Supramolecular hydrogels are water-filled materials containing low-molecular-weight solid compounds held together by non-covalent bonds. It is usually challenging to shape and pattern supramolecular hydrogels.
Jeffery T. Davis and colleagues, University of Maryland, College Park, USA, have developed a method for writing, reading, and erasing patterns on the surface of supramolecular hydrogels. The gels are synthesized by mixing guanosine analogues and potassium chloride in water, and they contain a network of hydroxamic acid (HA) sidechains. When HA binds Fe3+, an intense reddish color is produced (pictured below). Complex patterns can be drawn on the hydrogel surface with FeCl3 solution (examples pictured above). Since the HA–Fe3+ complex is fixed in place by the hydrogel, the colored images remain sharp even after a year.

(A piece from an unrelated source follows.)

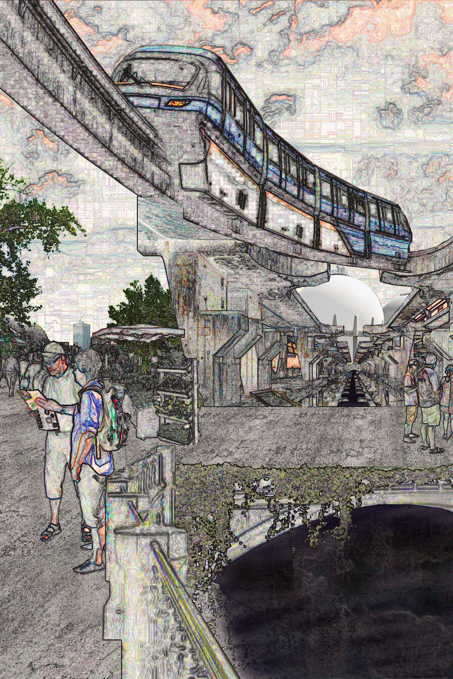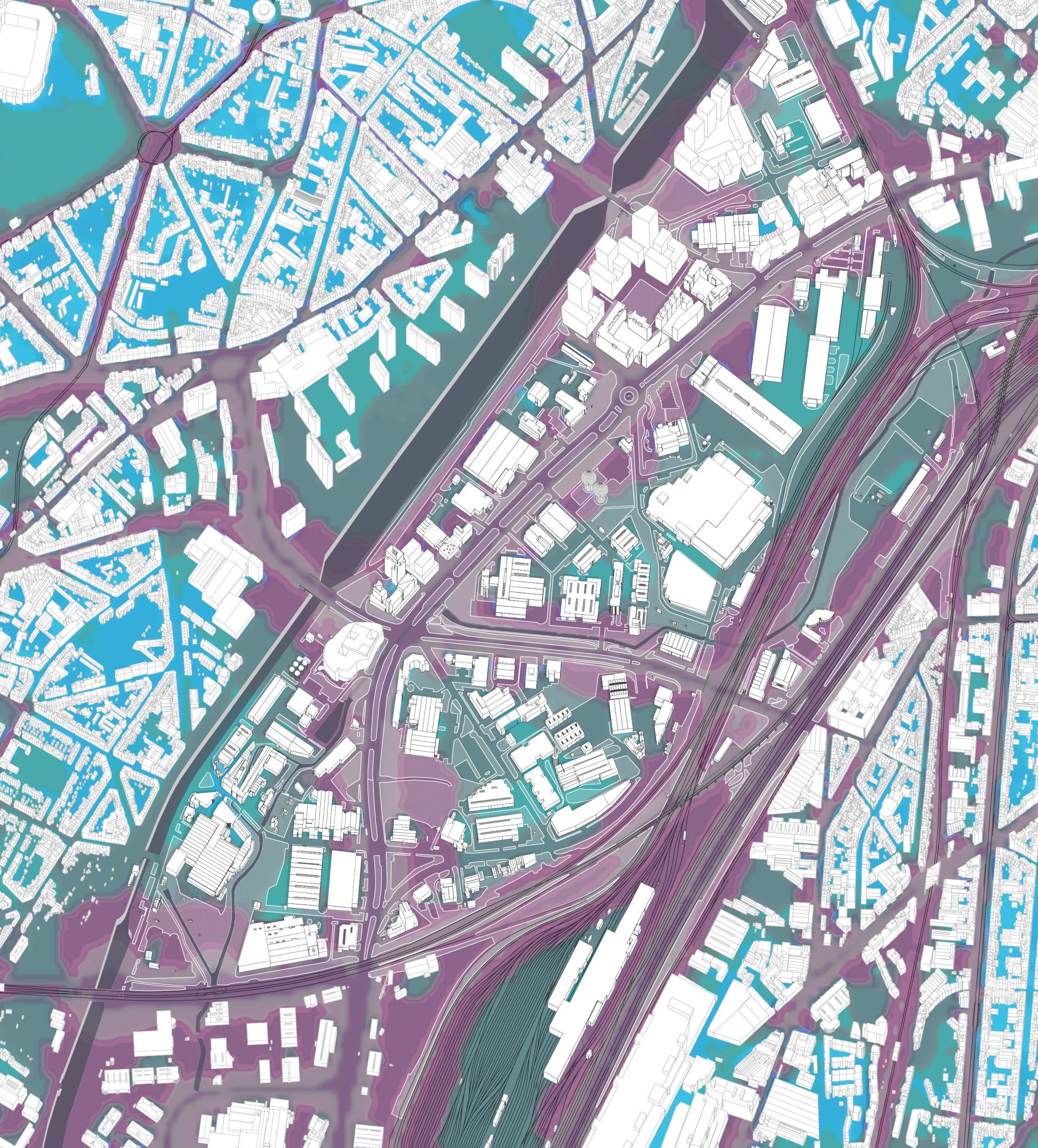 Pas sans éveiller quelques doutes compte tenu de l’ample échelle territoriale d’étude, au prisme des constats et positions développées et afin de proposer une réelle immersion dans le nouveau paysage urbain, les trois synthèses sous forme de vues déployées ci-après tentent de conjuguer dans leurs expressions impératifs de maintien des activités et de l’héritage patrimonial tout en reconquérant des espaces délaissés.

Patterns can be erased with a solution of vitamin C, which reduces Fe3+ to Fe2+ and destroys the red HA–complex. All materials used are made from biocompatible products—the “paper” (guanosines and KCl), the “ink” (FeCl3), and the “eraser” (vitamin C). The researchers believe a wide variety of other gelators could be outfitted with HA sidechains to alter the resulting gels’ form and function.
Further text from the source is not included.